Something happened today. Did y'all notice that? I turned on the kitchen sink and it was like trickling water. That's time to time. Listen, what are you talking about? We have low water pressure, man. Every time you flush the toilet, you gotta pray you don't gotta get the plunger out. Are you kidding me? The toilet is the same amount of water pressure every time. No, no, no, Matt. He's thinking of our bathroom. The guest bathroom downstairs is always consistent, but the one in our bathroom is very inconsistent. Why don't you just adjust it so it has more water? Well, that's not a me job.
Are you okay? I mean, I'm sitting on a plank, so no, not really. I mean, it's kind of very uncomfortable. Wait, Kenzie, what were you going to say? I don't remember.
Not great. I'm kidding. Oh, I remember. Oh, yay.
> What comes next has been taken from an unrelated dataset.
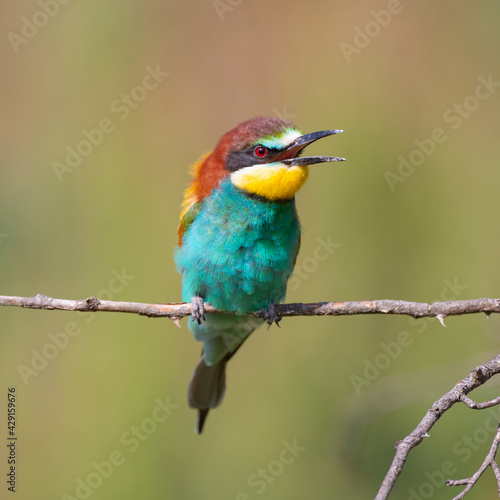 European bee eater Merops apiaster sitting on a branch with its beak open

At the beginning, you were talking about doing some cheer stunt. Yes. So? You want to go? Cash, stop. I'm fixing the plant. I'm not peeing. I'm fixing the plant. Is he sitting on it? I can hear it. I just got to fix the plant. Do not pee, Cash. I'm not peeing. Cash, that's disgusting. I really have to pee. Me too. That's just soil. It's not the fertilizer. Don't worry. What are you just fertilizing? You're just laying eggs down there? What are your eggs named?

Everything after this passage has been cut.